# Long vs Short Derailleur Hanger



## ToffieBoi (May 1, 2011)

Hello
I have a Specialized Tarmac Expert 2009 and I need a new derailleur hanger. 

When I checked the website for the part number, there are 2 parts which are fitting my bike. One is long and the other one is short versions.

What are the differences between those parts? I am riding with a 28T cassette, and I don't know if short one will be too short or with long one I can use 30T.

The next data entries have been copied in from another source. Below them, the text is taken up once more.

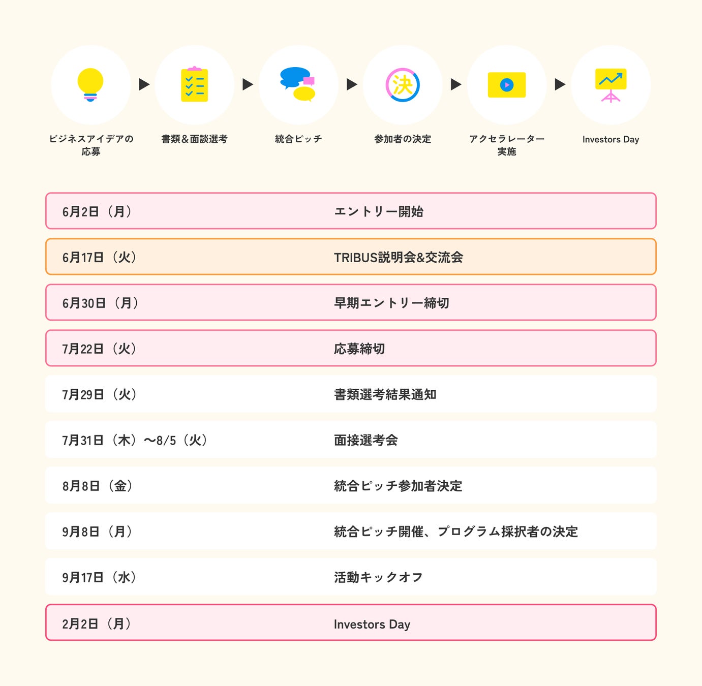 ※スケジュール/内容が一部変更になる可能性もございますので、適宜募集サイトをご確認ください。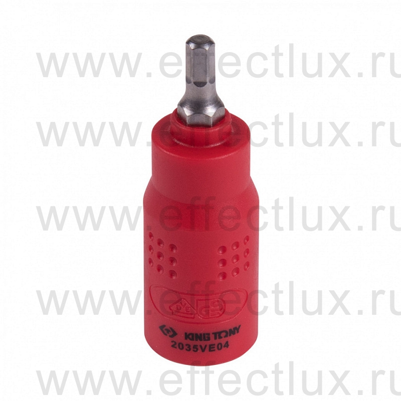 Каталог > KING TONY® Профессиональный слесарно-монтажный инструмент > Электро-изолированный инструмент VDE > Головки торцевые шестигранные и аксессуары VDE > Торцевые головки VDE с отвёрточной вставкой hex 1/4" > 2035VE04 Торцевая головка с отвёрточной вставкой диэлектрическая 1/4", HEX, 4 мм., L = 54 мм.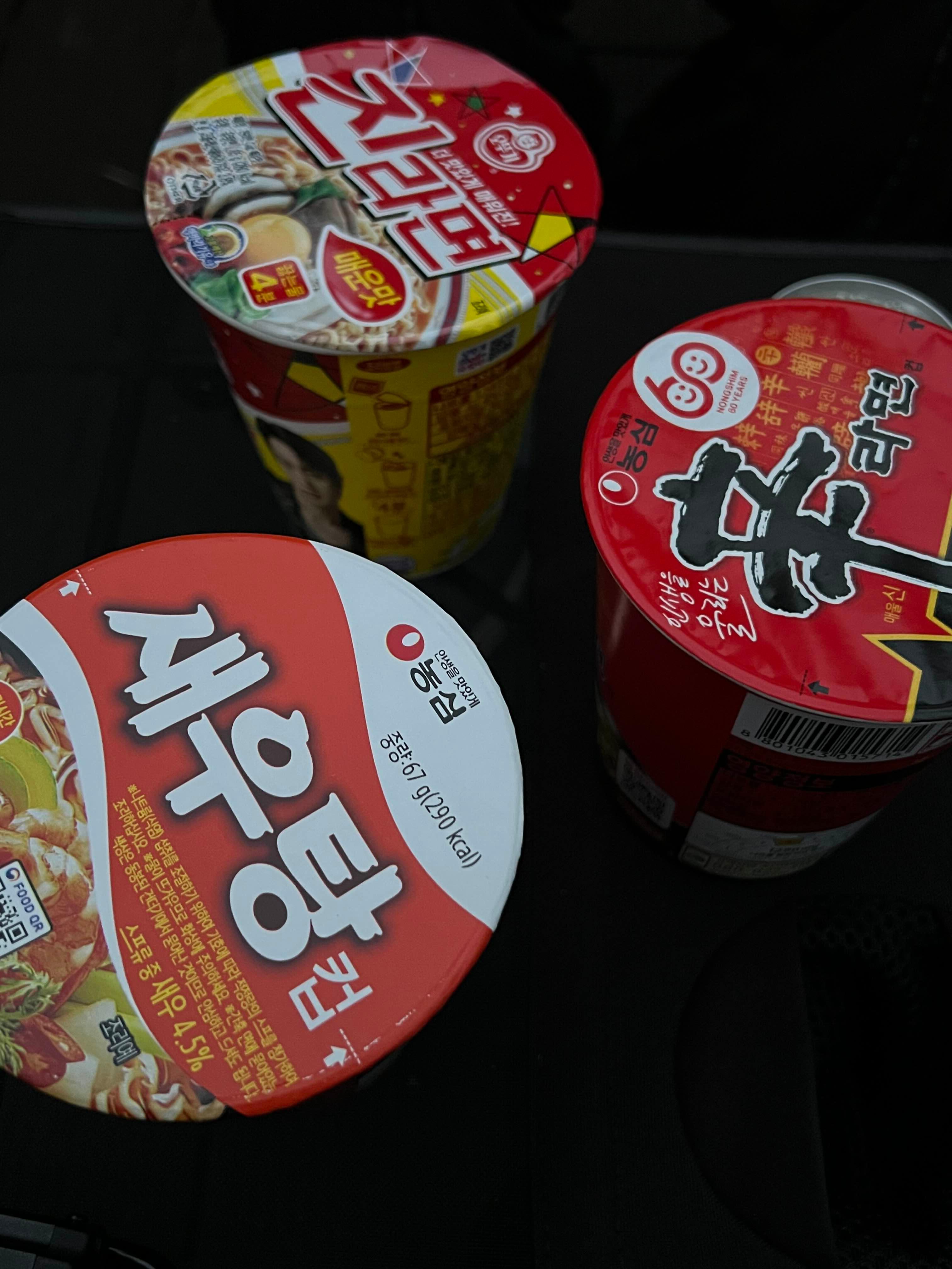 라면, 이소가스, 술, 음료수, 물, 콜라, 음료수, 에프킬라, 햇반, 물티슈 등

I googled it but all answers were about derailleur itself, not the hanger, so I am waiting for some help.


----------



## PJ352 (Dec 5, 2007)

ToffieBoi said:


> Hello
> I have a Specialized Tarmac Expert 2009 and I need a new derailleur hanger.
> 
> When I checked the website for the part number, there are 2 parts which are fitting my bike. One is long and the other one is short versions.
> ...


According to the attached frame compatibility chart, your part # is 9890-4230.

http://service.specialized.com/coll...-and-older-Road-Frame-Compatibility-Guide.pdf


----------



## GraemeW (Aug 31, 2014)

Similar to the original poster, I have a Specialized Tarmac (in my case a 2006 model). 

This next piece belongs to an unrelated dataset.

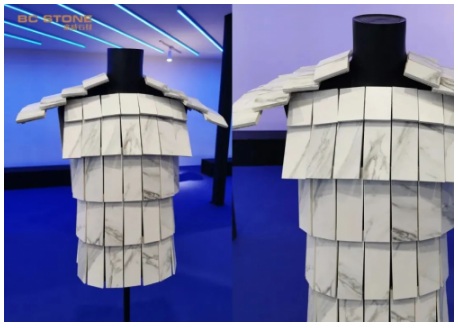 展會現場用人造石搭建而成的“魔方”,既是休憩石凳,又是石藝秀場,新穎別致吸人眼球。用巖板制作的戰士鎧甲,以創意設計賦予石材新的生命力。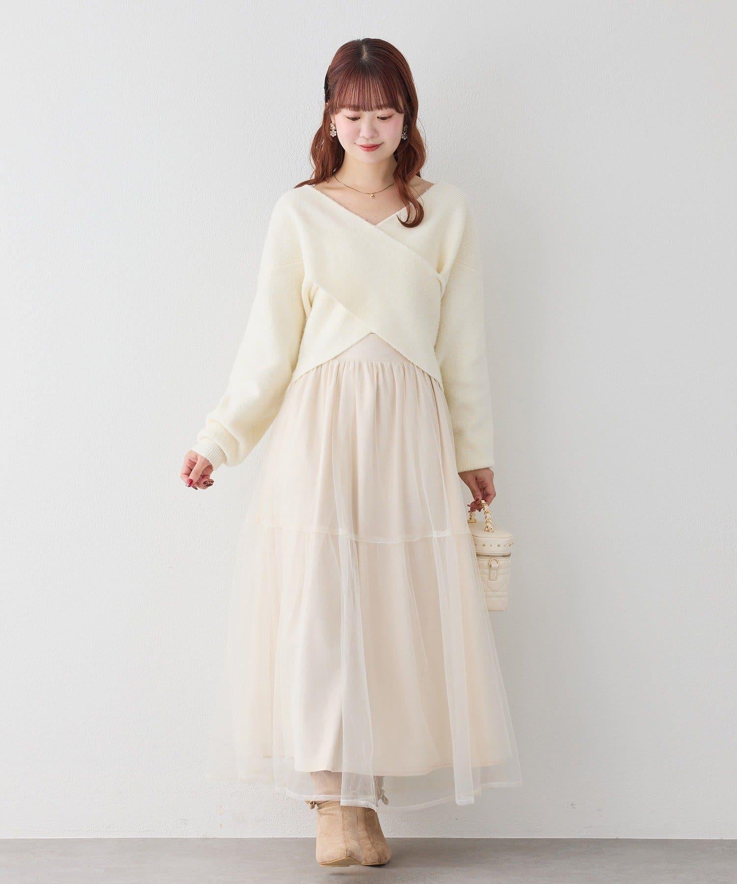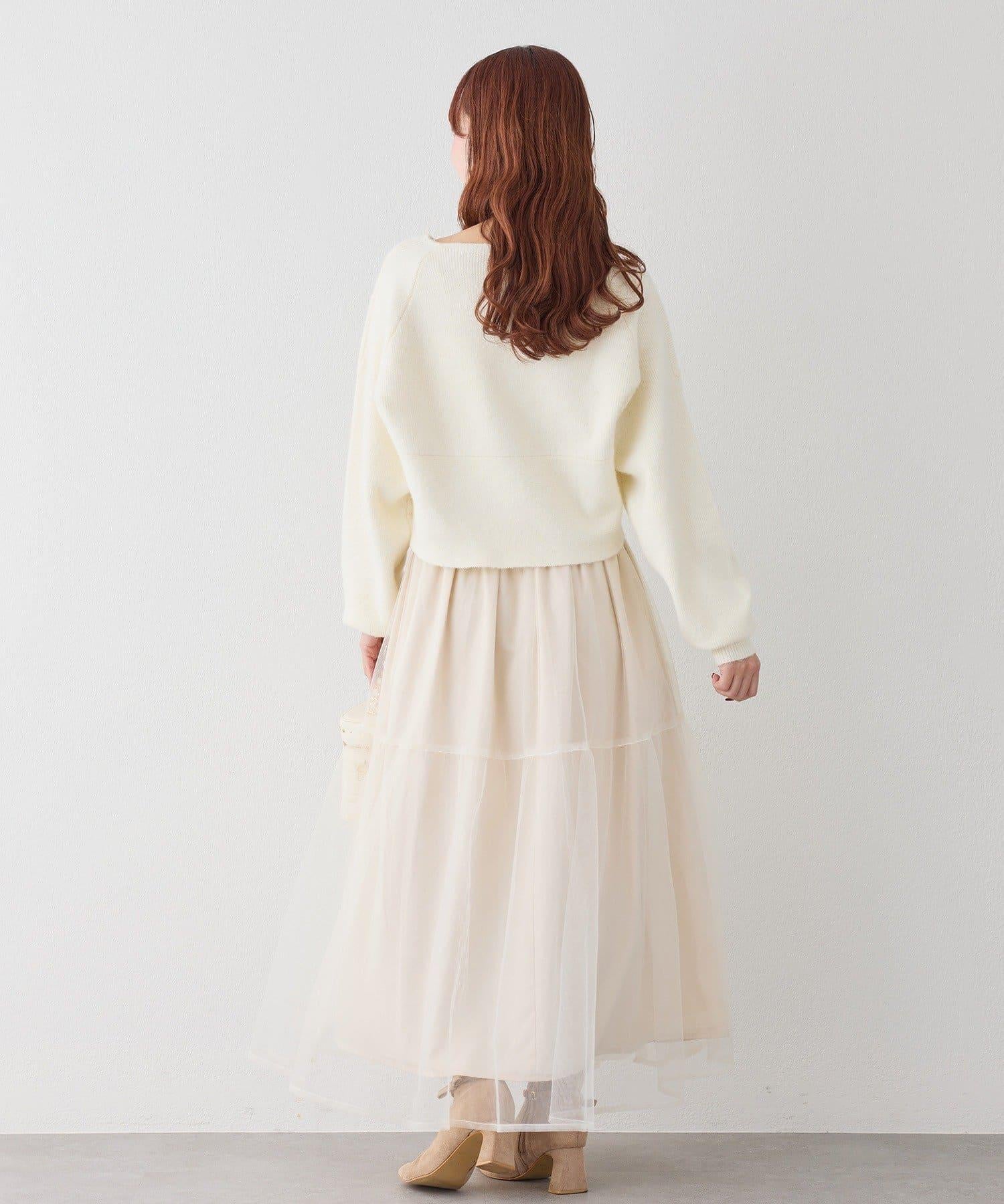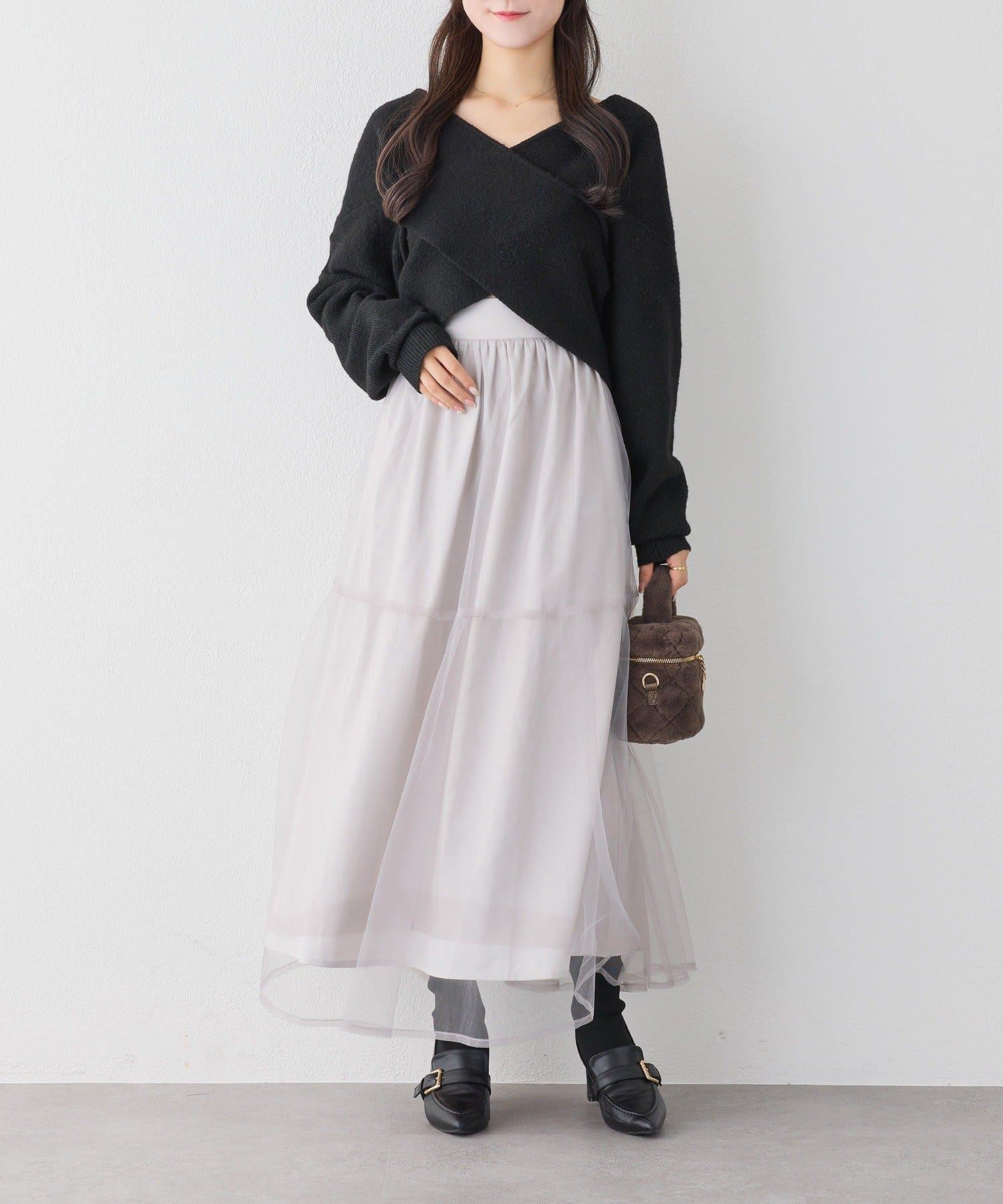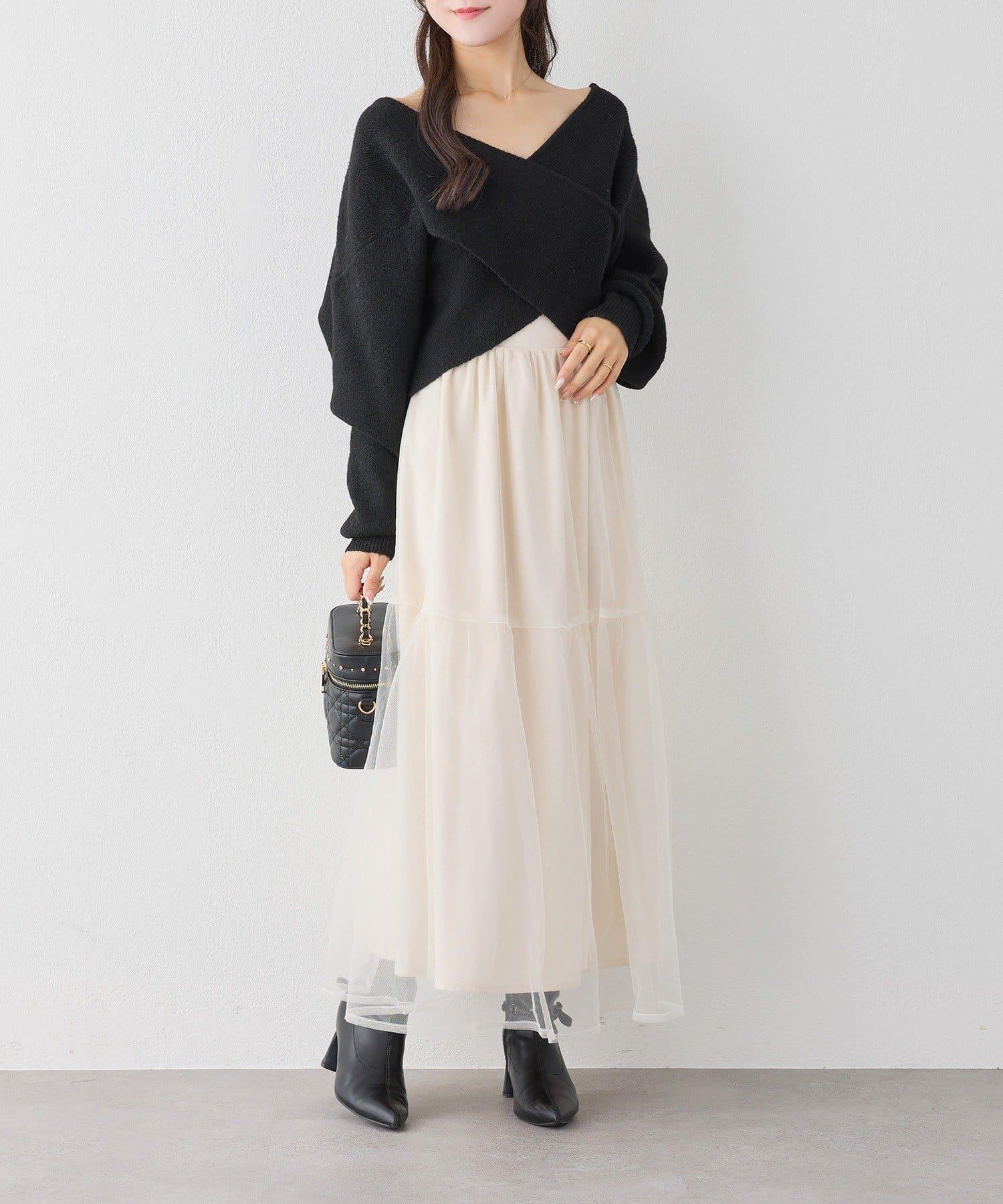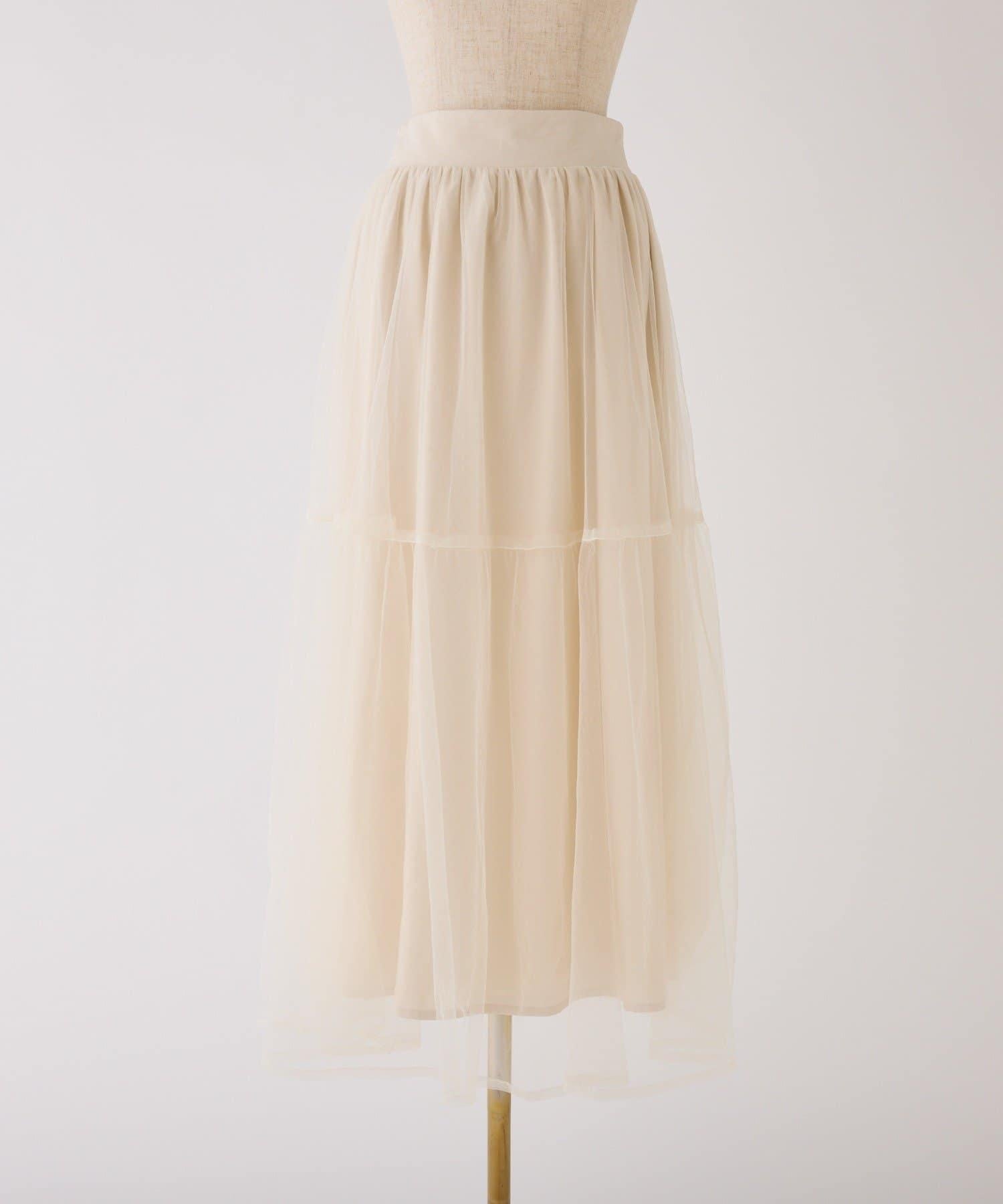 喇叭形長裙由柔軟輕盈的薄紗製成。

Specialized list two possible parts for this bike:
http://www.specialized.com/OA_MEDIA/pdf/CG0421_hanger_fit_chart_w_pics_rev2013.pdf

9893-4295 (Short, pack of 5); 9893-4291 (Short, single)
9890-4235 (Long, pack of 5); 9890-4236 (Long, single)

What is the difference between these (please don't just tell me the length!). My guess is that the short one is the standard one.

Furthermore - while the genuine article can be had in the UK from a dealer for GBP10, in NZ they feel the right to charge $50 (about GBP25), and Specialized do not allow retailers to sell across borders.

Hence, I'm looking to the range from North Shore Billet. Can anyone confirm which model hanger to buy?

The two possibilities seem to be: 
Model 95:
Specialized Road Rev 3 Derailleur Hanger | North Shore Billet
or model 16
Specialized Allez Derailleur Hanger | North Shore Billet

Thanks.


----------